I came to a realization today: I never actually owned a Barbie Dream House. I thought I did but I figured out that I was more delusional than I thought when I stumbled across a one-owner-only Barbie Goes to College play set on eBay. I recognized it with loathing immediately. The spartan dorm room with narrow twin beds where Barbie supposedly studied all night long, the red and white soda shop where Barbie went for a Fresca before returning to study some more. Even the accessories were academic: a small desk and textbooks. Lamps to prove adequate pretend reading light. College banners on the wall. Yuck!
Barbie Goes to College was a propaganda gift from my mother because that was her dream; to raise a daughter who would choose college over domesticity and who would some day have a decent career.
It was a lesson I didn’t want to learn. All I wanted was Barbie’s Dream House. I can still recall the sheer envy I felt whenever I spotted the aqua and faux stone cardboard box that unfolded and became a large living area complete with a hi fi system, a double bed and enough cardboard chicness to make even the most unimaginative little girl dream of living in such a palace with her very own Ken. When not in use the Dream house folded up into something that looked like a briefcase and was conveniently equipped with a plastic carrying handle so that it could be easily carted from one popular girl’s house to the next for hours and hours of popular girls’ playtime fun. The furniture that accompanied the Dream House was brightly colored in electric blue, hot pink and an eye putting out shade or orange. It was easy to picture Barbie fixing a martini for Ken every evening and then waiting for him in front of the hi fi, her own glass of white wine held elegantly in one plastic hand. The one false note in the entire Dream House was an (also thoughtfully included) head shot of Ken–a creepy, grainy photograph of someone who looked more like an escapee from a movie set about preppy serial killers than a dreamboat boyfriend.

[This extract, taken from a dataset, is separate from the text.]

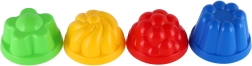 Colorido juego de cuatro moldes redondos para arena con diámetro de 8 cm para pequeños constructores de castillos. A partir de 12 meses, de plástico resistente, en colores vivos y prácticamente envasados en malla para un transporte y almacenaje fáciles.

I knew that MY Ken wasn’t going to look like that; my Ken was going to be handsome and gentle, like Bobby Sherman or Paul McCartney or possibly a smartened up, sexier version of Gilligan from Gilligan’s Island.
For years I lusted after that Dream House the way some people lust after spa vacations or a date with Liam Neeson. But it wasn’t meant to be. I had received my play set, the dull Barbie Goes to College, and all the whining in the world wasn’t going to produce a Dream House under our Christmas tree. I got my revenge by playing out scenarios where Barbie was expelled for dating her psychology professor and had to take a job at the soda shop or Barbie dropped out of college to join a commune and weave ponchos for a living.
It took a long time but now I can understand what my mother was thinking when she opted for the dorm set instead of the dream house. It must have been apparent from an early age that all I really wanted to do with my life was bake cakes in an EZ Bake Oven (another toy I never got) and pretend iron out pretend wrinkles with my pretend iron. In her subtle way she was attempting to gently brainwash her youngest child into realizing that it might be a good idea to have a career that would enable me to support myself and that it probably wasn’t the brightest plan to wait for Ken/Bobby Sherman every night after spending an entire day watching soap operas on a cardboard television screen. I only wish that I had understood her motives way back when but I didn’t. All I wanted to do way back when was arrange the hot pink cardboard pillows along the pink and grey plaid sofa, not pretend Barbie lived in a sad little dorm room, figuring out algebra equations instead of having fun. Double yuck.
I understand but in my heart of hearts I also know that given my druthers, it’s still the Dream House all the way. Let Midge or Skipper go to college. My Barbie belongs snugly, smugly and happily in her living room waiting for Ken and/ Bobby Sherman to pull into the driveway.